Abstract
OBJECTIVES: This study investigates whether abnormal neural oscillations, which have been shown to precede the onset of frank psychosis, could be used towards the individualised prediction of psychosis in clinical high-risk patients.
METHODS: We assessed the individualised prediction of psychosis by detecting specific patterns of beta and gamma oscillations using machine-learning algorithms. Prediction models were trained and tested on 53 neuroleptic-naïve patients with a clinical high-risk for psychosis. Of these, 18 later transitioned to psychosis. All patients were followed up for at least 3 years. For an honest estimation of the generalisation capacity, the predictive performance of the models was assessed in unseen test cases using repeated nested cross-validation.

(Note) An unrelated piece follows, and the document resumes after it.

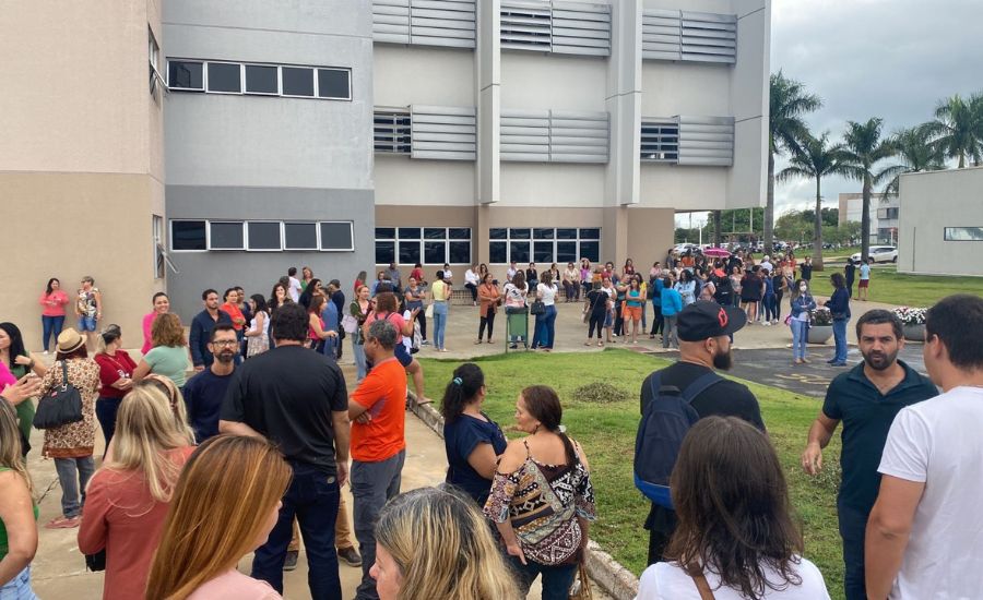 Um grupo de professores e funcionários administrativos da Educação voltou a paralisar suas atividades e protestar na frente da Prefeitura de Aparecida de Goiânia nesta 5ª feira (16).
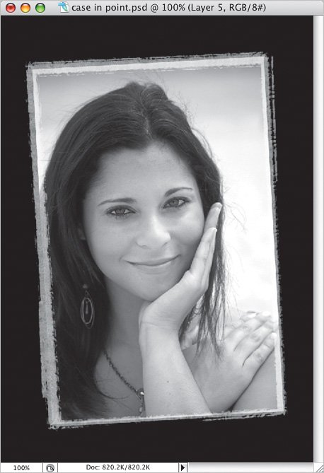 | Step Two. | Click on the top layer to make it active and then press Command-T (PC: Control-T) for Free Transform. Move your cursor just outside the corner transform handles until you see the Rotate cursor, click-and-drag to rotate the photo slightly, and then press Return (PC: Enter). In my example, I pressed D to set the Foreground and Background to their default colors, clicked on the Background layer, and pressed Option-Delete (PC: Alt-Backspace) to fill it with black. Or, with the Background layer active, you could click on the Create a New Layer icon (at the bottom of the Layers palette) to add a new layer above the Background layer, and then fill that new layer with black.

RESULTS: Transition to psychosis could be predicted from current-source density (CSD; area under the curve [AUC] = 0.77), but not from lagged phase synchronicity data (LPS; AUC = 0.56). Combining both modalities did not improve the predictive accuracy (AUC = 0.78). The left superior temporal gyrus, the left inferior parietal lobule and the precuneus most strongly contributed to the prediction of psychosis.
CONCLUSIONS: Our results suggest that CSD measurements extracted from clinical resting state EEG can help to improve the prediction of psychosis on a single-subject level.